> _DATA TO EXAMINE_

· · · ·

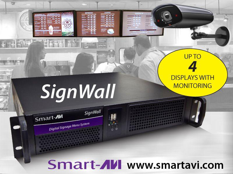 La nueva solución de SmartAVI, SignWall, permite combinar hasta 4 pantallas para formar un menú de digital signage o un vídeo wall individual. El paquete incluye el SignWatchPro, un sistema de video vigilancia para controlar el negocio mientras las pantallas están en funcionamiento.
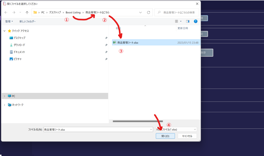 2.保存したツールフォルダから商品管理シートのエクセルを選び、開くをクリックしましょう。
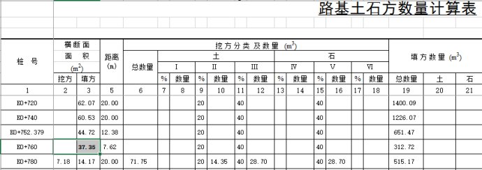 (修改模板前输出的土石方量表)
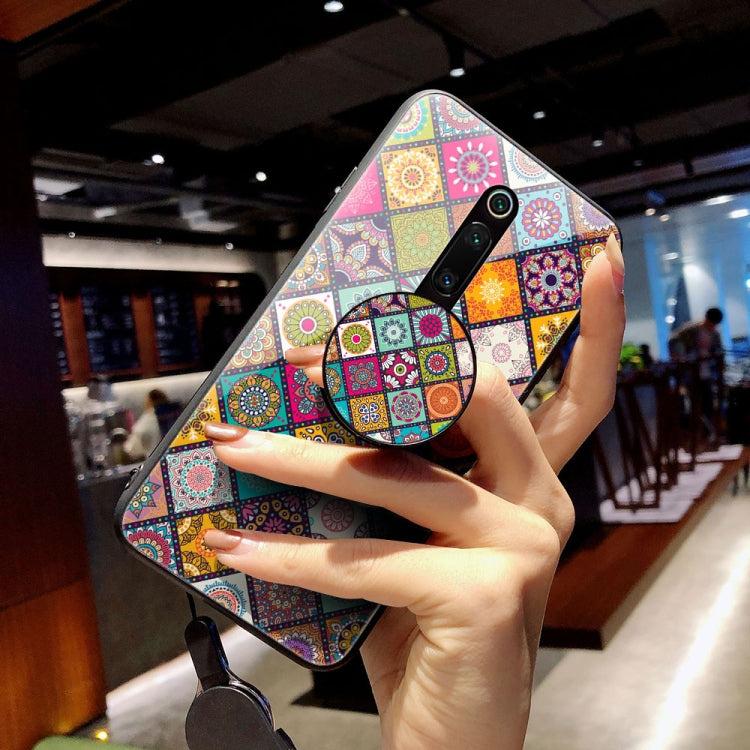 For Xiaomi Redmi K20 / K20 Pro Painted Ethnic Pattern Tempered Glass TPU Shockproof Case with Folding Magnetic Holder & Neck Strap
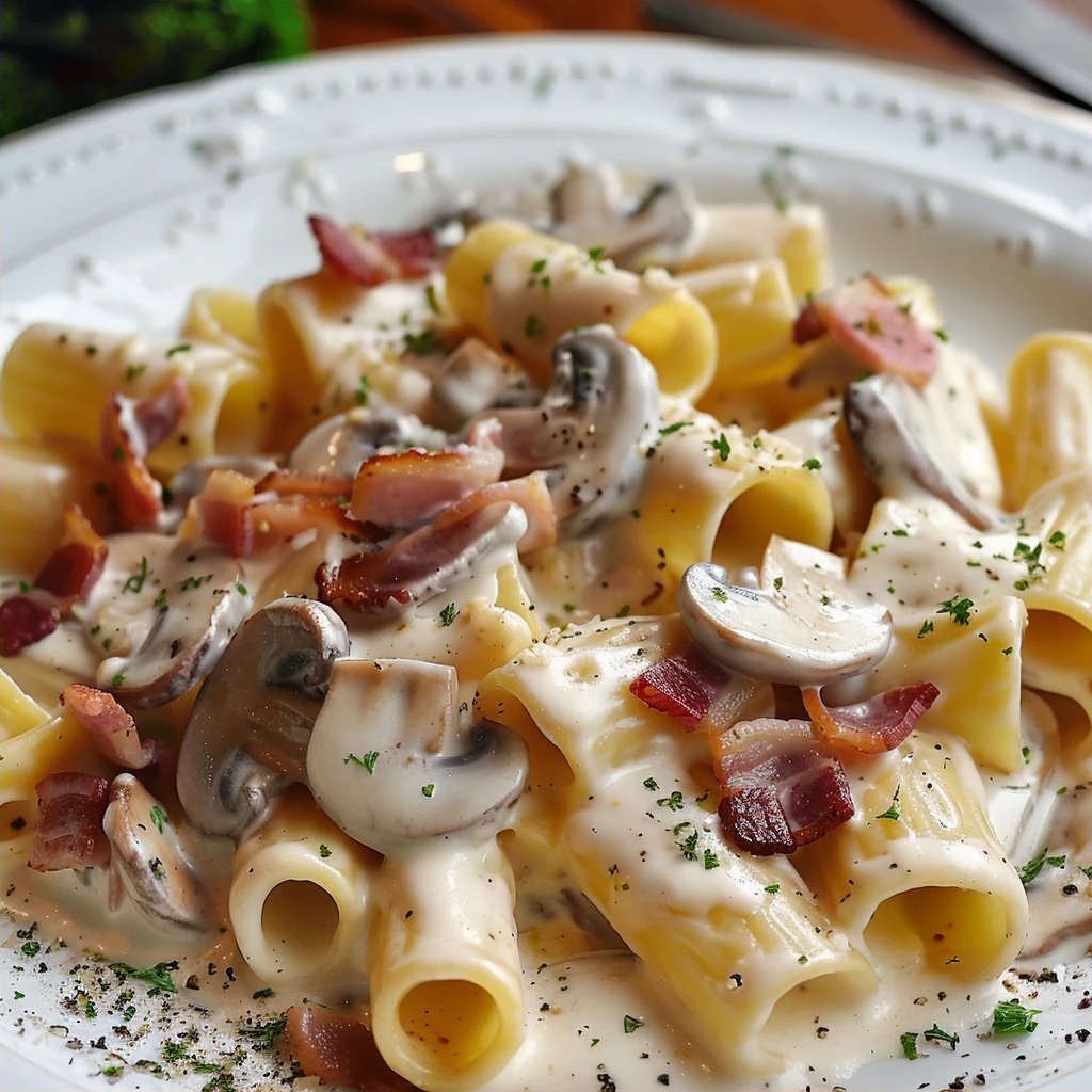 Макароны с грибами, беконом и сливками - это изысканное и ароматное блюдо, которое порадует вас своим насыщенным вкусом и нежной кремовой текстурой. Оно готовится из макарон, обжаренных грибов, хрустящего бекона и сливочного соуса. Это блюдо прекрасно подойдет для семейного обеда или ужина. Его можно подавать как самостоятельное блюдо или в качестве гарнира к мясу или рыбе. Попробуйте наши макароны с грибами, беконом и сливками и насладитесь их неповторимым вкусом и ароматом! Ингредиенты: Приготовление: Подавайте макароны с грибами, беконом и сливками горячими, украсив свежей зеленью. Приятного аппетита!
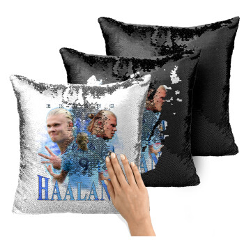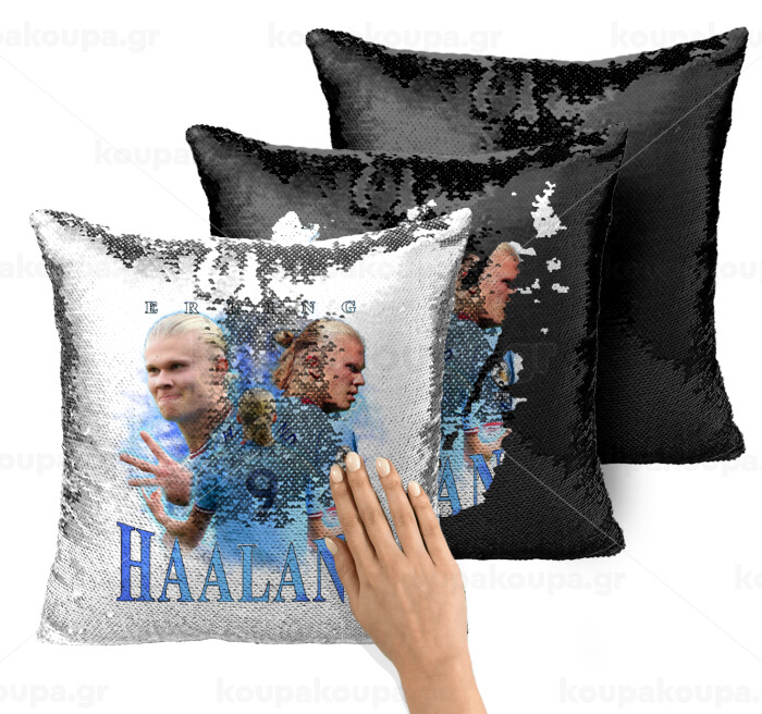 Erling Haaland, Μαξιλάρι καναπέ Μαγικό Μαύρο με πούλιες 40x40cm περιέχεται το γέμισμα
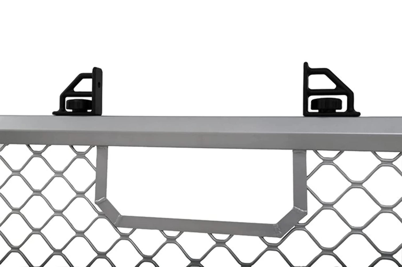Q: How does the heavy-duty aluminum ultra mesh provide protection?A: The heavy-duty aluminum ultra mesh offers enhanced visibility while providing protection for the rear window of the cab area. This mesh is designed to withstand rugged conditions.
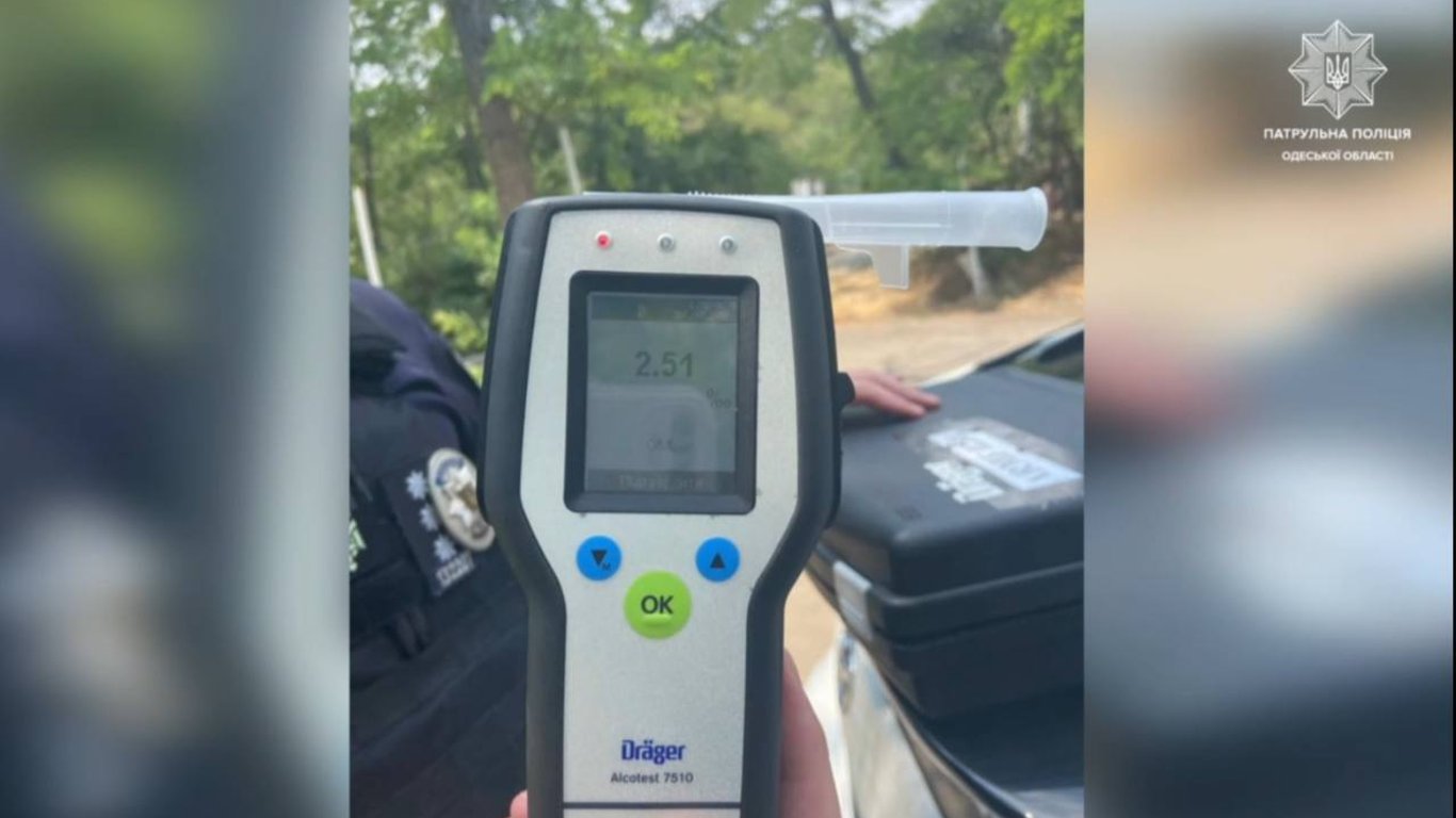 Порушником виявився 37-річний мешканець Одеси. Під час перевірки чоловіка на тверезість "Драгер" показав рекордний результат — 2,51 проміле, що в 13 разів вище за встановлену норму.
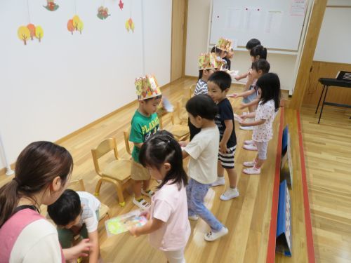 お家の人やたくさんのお友だちに見守られ、緊張しながらも上手にインタビューに答えることができました。お友だちからはお歌「ハッピーバースデー」「とんぼのめがね」やカードのプレゼントをしてもらいました。
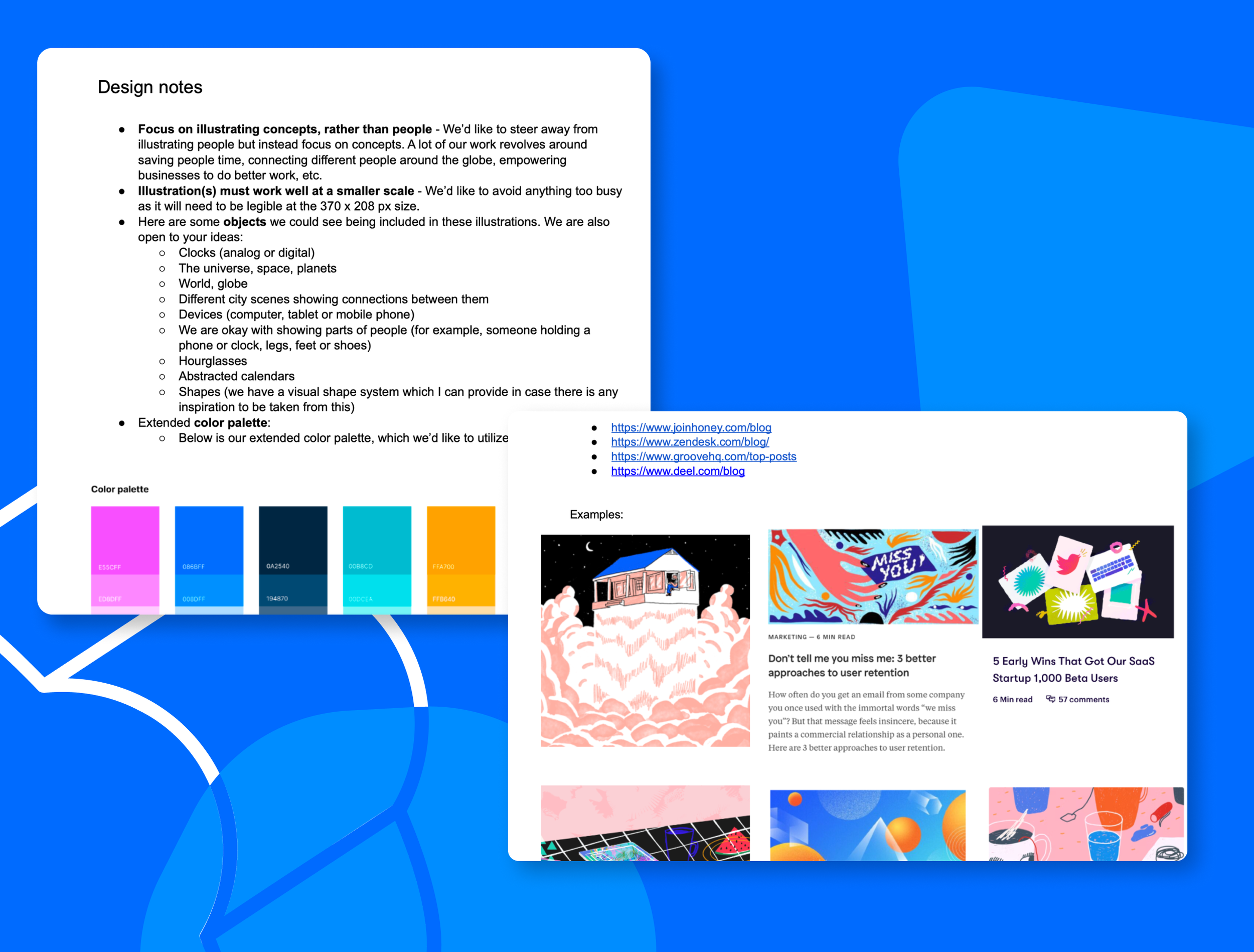 Once I developed the style guidance for illustrations, I moved onto sourcing illustrators who I felt would adapt to our style well while still bringing their own creative touch. After procuring the illustrators, I developed a series of creative briefs specific to each blog article with a summary of key points to highlight and examples of illustrations for inspiration.

· · · ·

> _THE PROBLEM_
Return only the lines from the line containing "2.保存したツールフォルダか" through the last line of the records above, both ends included, exactly as written, leaving pictures out.

> _FINISHED EXERCISE_
 2.保存したツールフォルダから商品管理シートのエクセルを選び、開くをクリックしましょう。
 (修改模板前输出的土石方量表)
 For Xiaomi Redmi K20 / K20 Pro Painted Ethnic Pattern Tempered Glass TPU Shockproof Case with Folding Magnetic Holder & Neck Strap
 Макароны с грибами, беконом и сливками - это изысканное и ароматное блюдо, которое порадует вас своим насыщенным вкусом и нежной кремовой текстурой. Оно готовится из макарон, обжаренных грибов, хрустящего бекона и сливочного соуса. Это блюдо прекрасно подойдет для семейного обеда или ужина. Его можно подавать как самостоятельное блюдо или в качестве гарнира к мясу или рыбе. Попробуйте наши макароны с грибами, беконом и сливками и насладитесь их неповторимым вкусом и ароматом! Ингредиенты: Приготовление: Подавайте макароны с грибами, беконом и сливками горячими, украсив свежей зеленью. Приятного аппетита!
 Erling Haaland, Μαξιλάρι καναπέ Μαγικό Μαύρο με πούλιες 40x40cm περιέχεται το γέμισμα
Q: How does the heavy-duty aluminum ultra mesh provide protection?A: The heavy-duty aluminum ultra mesh offers enhanced visibility while providing protection for the rear window of the cab area. This mesh is designed to withstand rugged conditions.
 Порушником виявився 37-річний мешканець Одеси. Під час перевірки чоловіка на тверезість "Драгер" показав рекордний результат — 2,51 проміле, що в 13 разів вище за встановлену норму.
 お家の人やたくさんのお友だちに見守られ、緊張しながらも上手にインタビューに答えることができました。お友だちからはお歌「ハッピーバースデー」「とんぼのめがね」やカードのプレゼントをしてもらいました。
 Once I developed the style guidance for illustrations, I moved onto sourcing illustrators who I felt would adapt to our style well while still bringing their own creative touch. After procuring the illustrators, I developed a series of creative briefs specific to each blog article with a summary of key points to highlight and examples of illustrations for inspiration.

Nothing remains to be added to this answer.